To help you better prepare for tax season, we asked small business owners and accountants for their best tips for doing business taxes. From balancing the monthly books to investing in a POS system, there are several ideas that may help you prepare business taxes for years to come.
Here are nine tips for doing business taxes:
- Maximize Technology Tools
- Completely Separate Personal and Business Finances
- Hire a Professional
- Invest in a POS System
- Balance The Books Monthly
- Cultivate a Relationship With Your Accountant
- Determine Which Deductions Are Appropriate
- File Correctly and Take Note of Deadlines
Maximize Technology Tools
Business taxes can be streamlined if technology tools are employed in the right way, at the right time. When financial institutions send electronic statements, don’t delete them. Rather, download, scrutinize, and reconcile the transaction in your e-statements. This way, you’ll be more prepared for the final process of filing your taxes. Additionally, use accounting software to compute your business earnings, expenditures, and other financial information. Many accounting tools have built-in tax preparation features and will permit the linking of checking accounts and other financial documents. Using technology tools reduces the attendant stress and frustration of doing business taxes, so maximize them.
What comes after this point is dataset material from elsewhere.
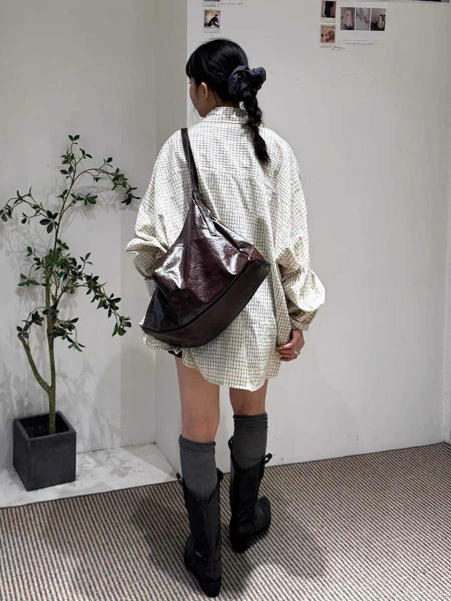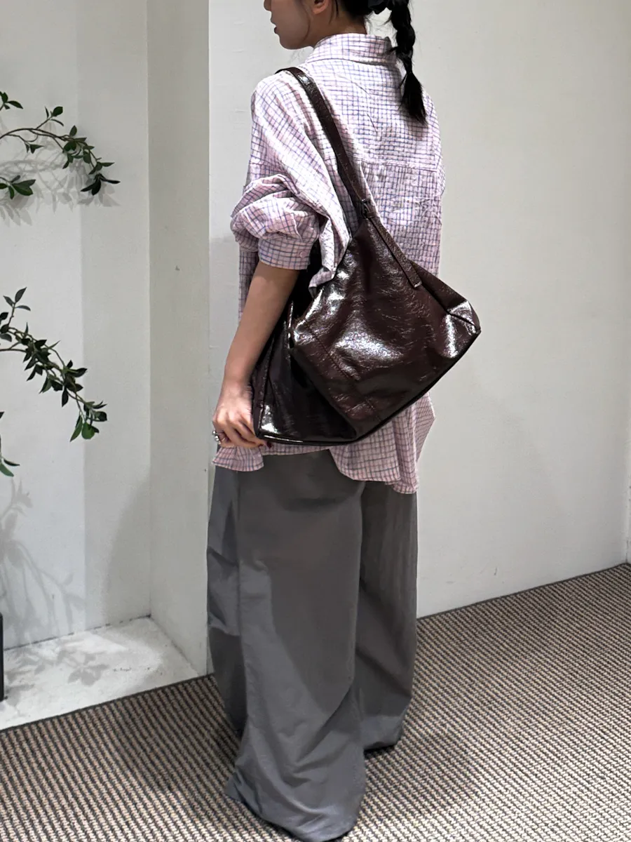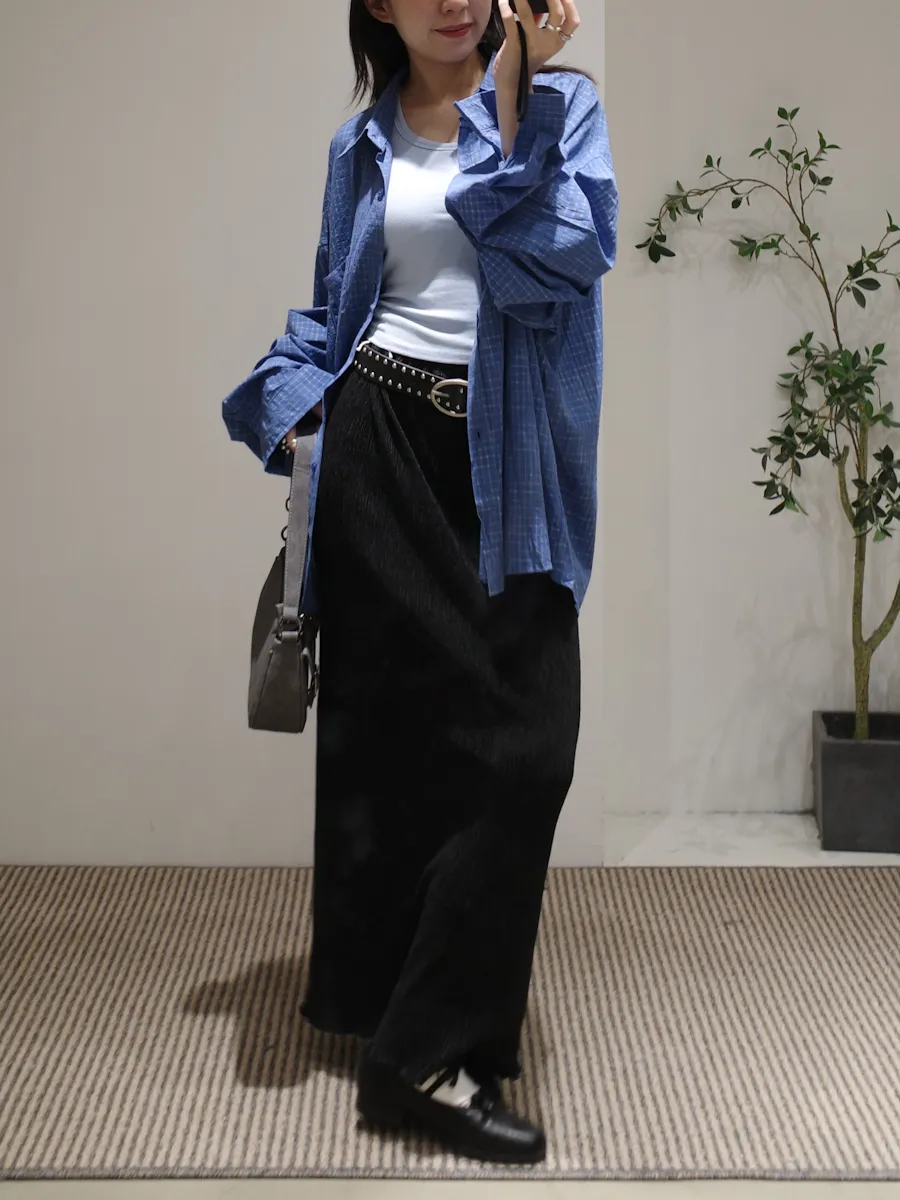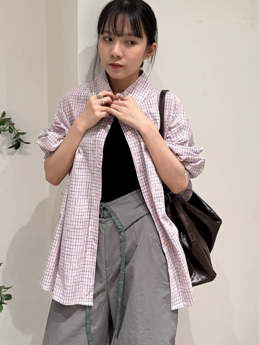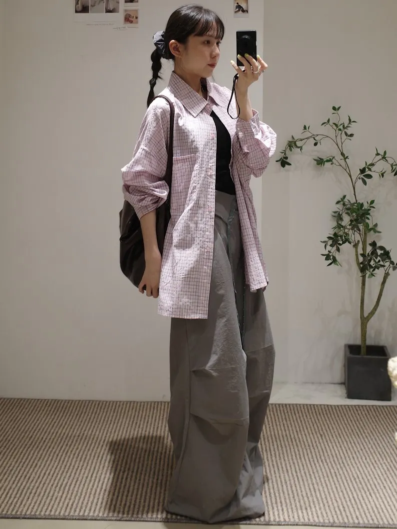 盼望愛情格紋泡泡感長袖襯衫 4color

- Chioma Iwunze-Ibiam, Time Doctor
Completely Separate Personal and Business Finances
When you're first starting out in your small business, it can be tempting to just throw something on your personal card instead of a business card. You might even tell yourself you'll deal with separating it later.
It's best to begin with completely separate finances because it can get really muddy, really quickly, especially if you're audited. Get a business credit card and never mix this with personal spending. Pay yourself a wage, just like you would with an employee. These steps will keep your finances officially separate and it will be easier for you to keep track of for the entire fiscal year.
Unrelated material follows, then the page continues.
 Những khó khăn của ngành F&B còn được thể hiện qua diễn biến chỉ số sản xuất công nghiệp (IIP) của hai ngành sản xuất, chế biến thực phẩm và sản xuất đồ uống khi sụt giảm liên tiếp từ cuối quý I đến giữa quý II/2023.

- Holly Mills, Thrive Cuisine
Hire a Professional
Some business owners think they’ll save money by doing taxes themselves. However, this can be a hefty experience since they might miss something and become legally liable. If that happens, they’re more likely to pay penalties and end up spending more than if they were hiring trusted professionals. That said, if you’re a small business owner trying to cut costs on every side, don’t cut it on the most important things such as taxes. Hire a professional, and peacefully focus on what you know the best.
- Eduardo Litonjua, Passive Income Tree
Share Insurance Premium Payments
While life insurance premiums are categorized as a personal expense, - and therefore not tax-deductible - other insurance premiums may be deductible for the self-employed or if health expenses exceed 10% of your AGI (adjusted gross income). Be sure to share which insurance premiums you are paying to your CPA or accountant. The more they are aware of expenses you are incurring like health insurance premiums, the more tax professionals may be able to itemize.
- Chris Abrams, Abrams Insurance Solutions
Invest in a POS System
A POS system that integrates with your chosen accounting software makes revenue tracking more manageable. In this set-up, it is easier for you or your accountant to determine how much tax you owe the government.
If your POS tool doesn't integrate with your accounting software, you must manually audit every transaction. However, that is time-consuming and inefficient, especially since there's a cheaper way to automate the process.
- Stephen Light, Nolah Mattress
Balance The Books Monthly
Previously, I didn’t balance the books every month because, like most small business owners, I was doing a million things at once. Who had time to do accounting? Let the CPA handle the mess at year-end. But then, I decided to hire a bookkeeper to balance our books on a monthly basis. A very smart decision! Balancing the books every month not only makes tax preparation a lot more painless but up-to-date financials ensure that the information you are basing business decisions on is accurate and reliable. I’d highly encourage any small business owner to seek bookkeeping help. Your future self and your CPA will thank you later.
- Brett Farmiloe, Markitors
Cultivate a Relationship With Your Accountant
It's important to have a good relationship with an accountant so that when anything comes up or you have an urgent question you both are already on the same page and have a good rapport. Before you cultivate that relationship though, you need to really, thoroughly vet your options. Make sure they have experience with your type of business and check all of their reviews, especially on social media where people are usually most outspoken with their opinions.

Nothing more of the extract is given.